◆ DATASET EXTRACT ◆
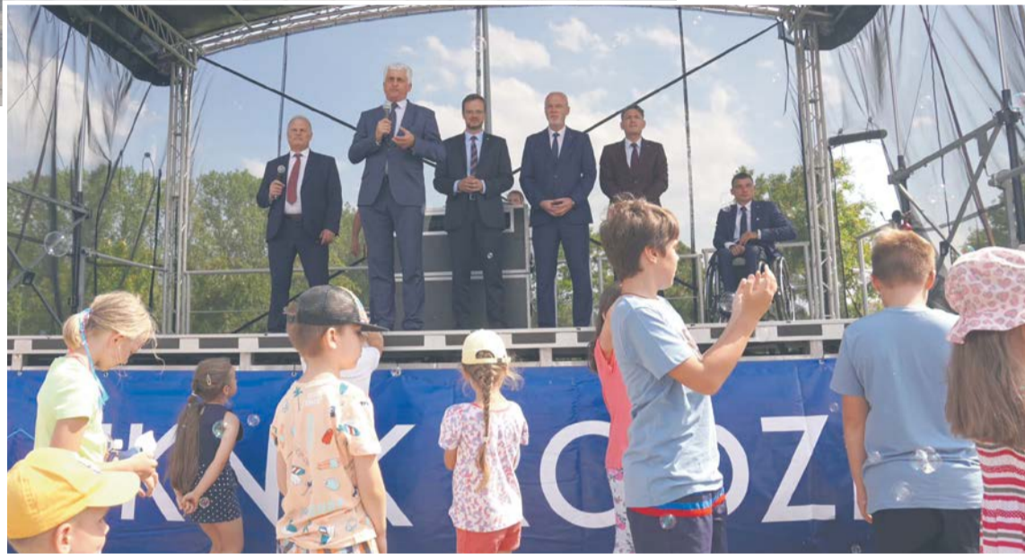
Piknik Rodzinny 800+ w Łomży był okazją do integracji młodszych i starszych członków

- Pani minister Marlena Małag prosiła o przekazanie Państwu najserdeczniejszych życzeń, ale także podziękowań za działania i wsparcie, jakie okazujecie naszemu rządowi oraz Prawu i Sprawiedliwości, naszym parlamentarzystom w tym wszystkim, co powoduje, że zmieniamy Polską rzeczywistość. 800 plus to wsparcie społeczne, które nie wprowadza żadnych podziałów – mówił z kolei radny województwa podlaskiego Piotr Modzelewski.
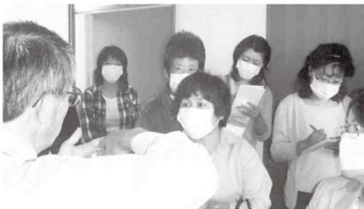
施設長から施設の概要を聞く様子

◆ WHAT YOU NEED TO DO ◆
Copy the data above word for word. Pictures stay out.

◆ EXERCISE RESULT ◆
Piknik Rodzinny 800+ w Łomży był okazją do integracji młodszych i starszych członków

- Pani minister Marlena Małag prosiła o przekazanie Państwu najserdeczniejszych życzeń, ale także podziękowań za działania i wsparcie, jakie okazujecie naszemu rządowi oraz Prawu i Sprawiedliwości, naszym parlamentarzystom w tym wszystkim, co powoduje, że zmieniamy Polską rzeczywistość. 800 plus to wsparcie społeczne, które nie wprowadza żadnych podziałów – mówił z kolei radny województwa podlaskiego Piotr Modzelewski.
施設長から施設の概要を聞く様子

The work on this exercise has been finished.